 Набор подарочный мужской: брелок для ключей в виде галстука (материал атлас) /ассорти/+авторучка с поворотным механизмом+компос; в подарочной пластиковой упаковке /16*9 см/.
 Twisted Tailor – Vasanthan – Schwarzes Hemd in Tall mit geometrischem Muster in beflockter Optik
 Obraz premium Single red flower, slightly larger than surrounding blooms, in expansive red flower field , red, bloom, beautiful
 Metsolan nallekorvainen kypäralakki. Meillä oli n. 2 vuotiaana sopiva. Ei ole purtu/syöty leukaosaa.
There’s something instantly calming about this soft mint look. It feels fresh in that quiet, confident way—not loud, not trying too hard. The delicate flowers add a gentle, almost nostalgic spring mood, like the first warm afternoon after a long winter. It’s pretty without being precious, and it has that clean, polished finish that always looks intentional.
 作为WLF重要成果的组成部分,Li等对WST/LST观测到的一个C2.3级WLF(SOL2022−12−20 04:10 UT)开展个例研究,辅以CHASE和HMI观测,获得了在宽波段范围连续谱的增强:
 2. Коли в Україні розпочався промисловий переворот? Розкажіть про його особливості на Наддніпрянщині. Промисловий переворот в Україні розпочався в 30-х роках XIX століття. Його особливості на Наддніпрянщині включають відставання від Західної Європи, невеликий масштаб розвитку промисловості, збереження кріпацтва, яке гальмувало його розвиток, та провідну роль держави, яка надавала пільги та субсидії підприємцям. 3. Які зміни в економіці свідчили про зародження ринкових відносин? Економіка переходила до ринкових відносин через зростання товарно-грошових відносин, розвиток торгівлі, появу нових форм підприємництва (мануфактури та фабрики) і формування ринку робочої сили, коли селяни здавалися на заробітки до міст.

- - - -

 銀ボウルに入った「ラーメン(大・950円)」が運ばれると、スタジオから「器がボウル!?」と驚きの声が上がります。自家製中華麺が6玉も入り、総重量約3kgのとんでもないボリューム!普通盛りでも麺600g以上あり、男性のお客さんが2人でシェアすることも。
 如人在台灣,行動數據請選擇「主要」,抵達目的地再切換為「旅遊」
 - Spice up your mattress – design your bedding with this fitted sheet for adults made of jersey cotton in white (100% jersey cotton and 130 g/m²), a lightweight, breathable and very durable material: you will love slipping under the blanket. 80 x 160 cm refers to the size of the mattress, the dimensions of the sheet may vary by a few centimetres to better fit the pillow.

- - - -

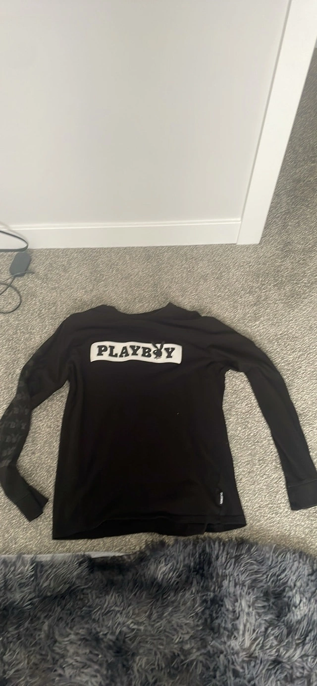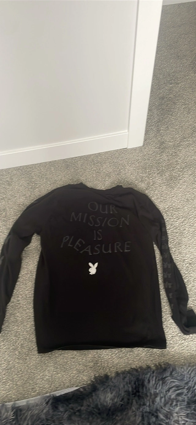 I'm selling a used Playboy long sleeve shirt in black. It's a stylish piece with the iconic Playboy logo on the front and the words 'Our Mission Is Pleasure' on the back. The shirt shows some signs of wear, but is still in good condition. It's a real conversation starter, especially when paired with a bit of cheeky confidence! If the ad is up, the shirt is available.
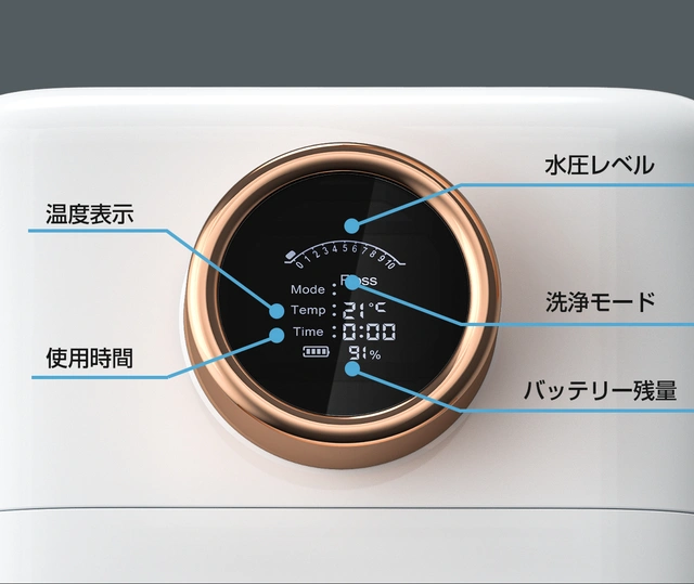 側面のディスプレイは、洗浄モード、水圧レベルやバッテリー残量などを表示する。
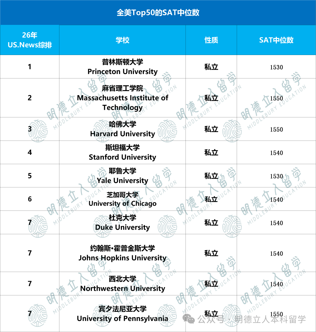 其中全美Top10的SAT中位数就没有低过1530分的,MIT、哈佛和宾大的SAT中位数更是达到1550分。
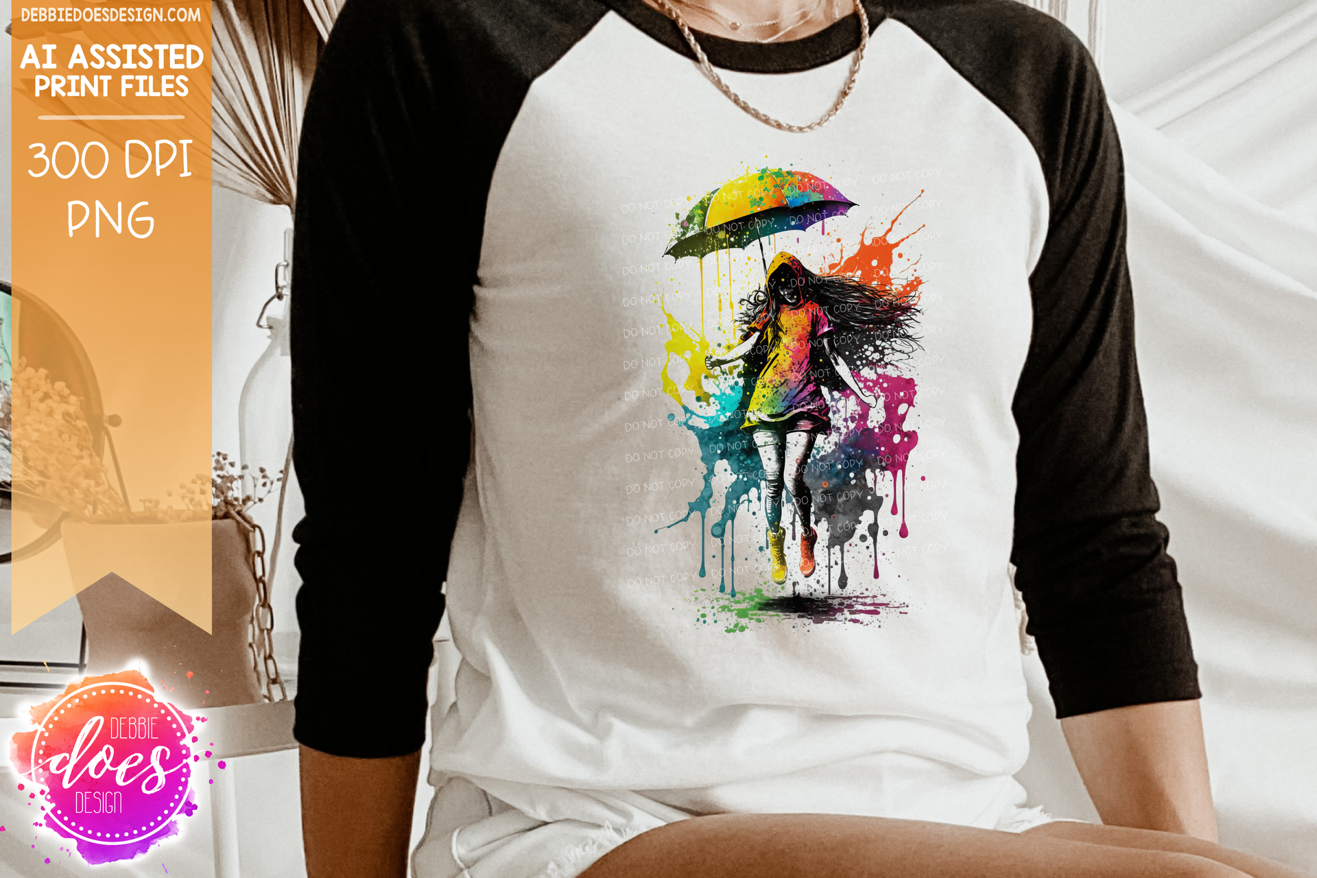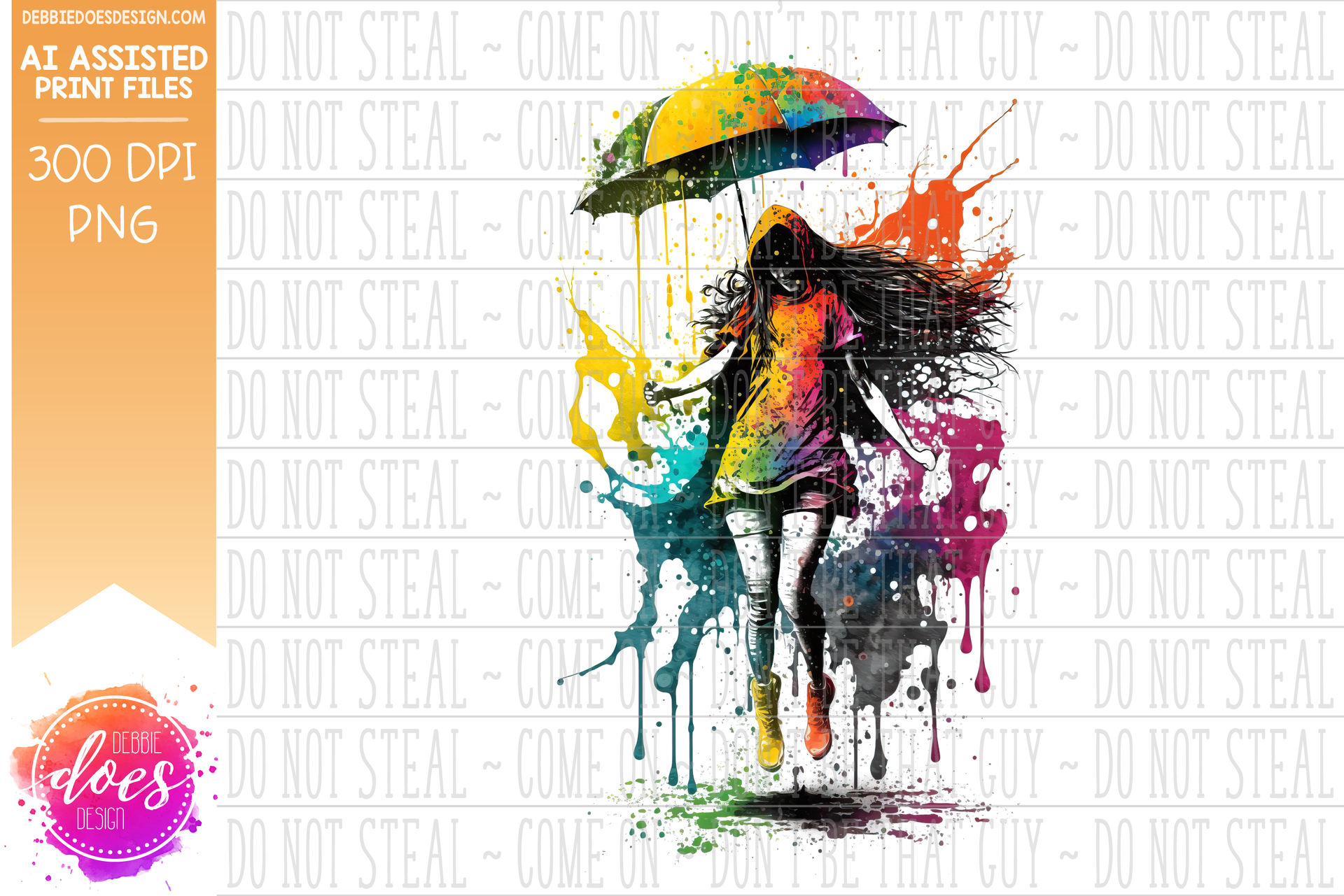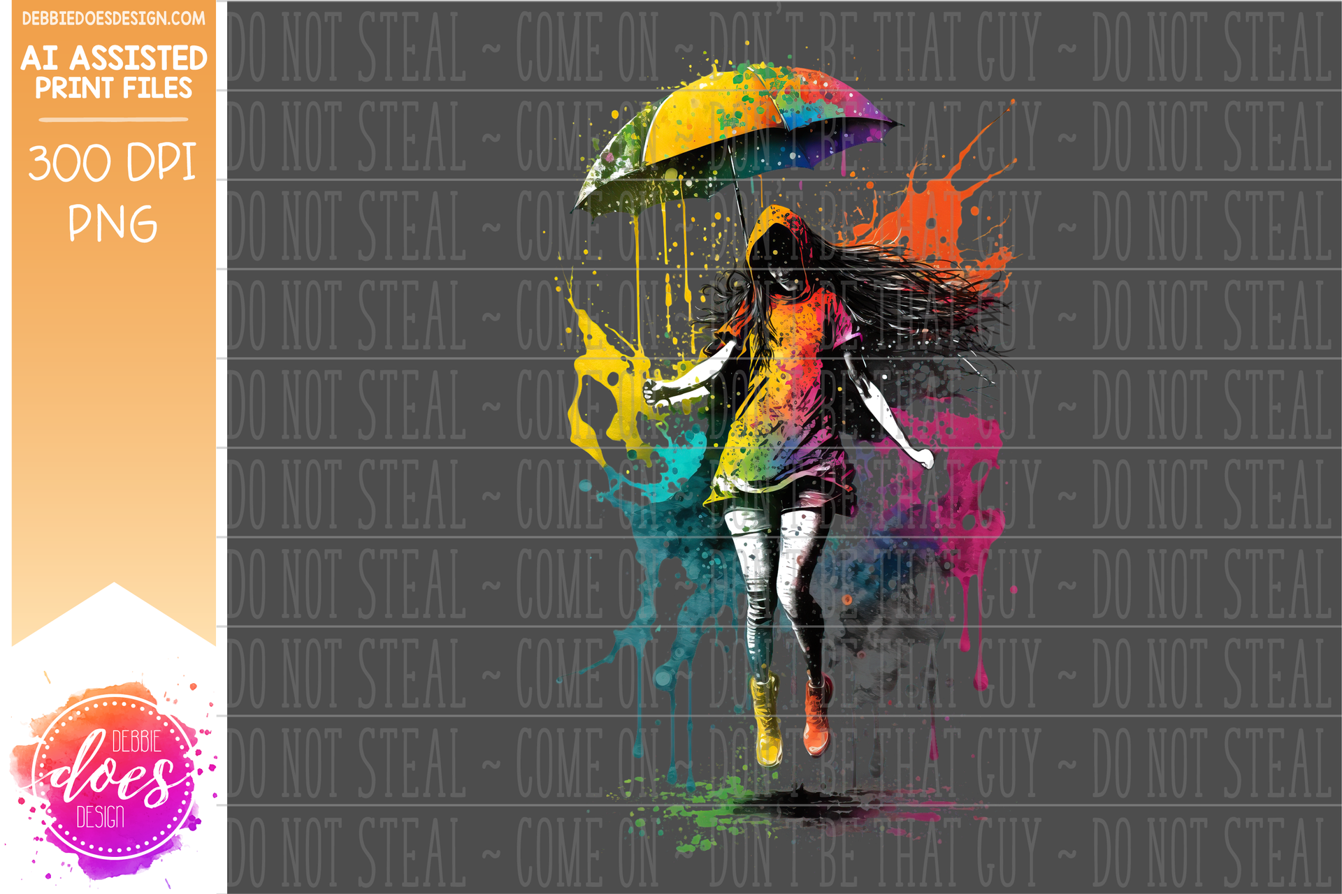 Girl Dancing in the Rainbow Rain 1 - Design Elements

- - - -

## Exercise details:
Your answer should be the exact lines above from the one containing "其中全美Top10的SAT中" through the one containing "Girl Dancing in", with both end lines kept and the pictures removed, please.

## Reply to the task:
 其中全美Top10的SAT中位数就没有低过1530分的,MIT、哈佛和宾大的SAT中位数更是达到1550分。
 Girl Dancing in the Rainbow Rain 1 - Design Elements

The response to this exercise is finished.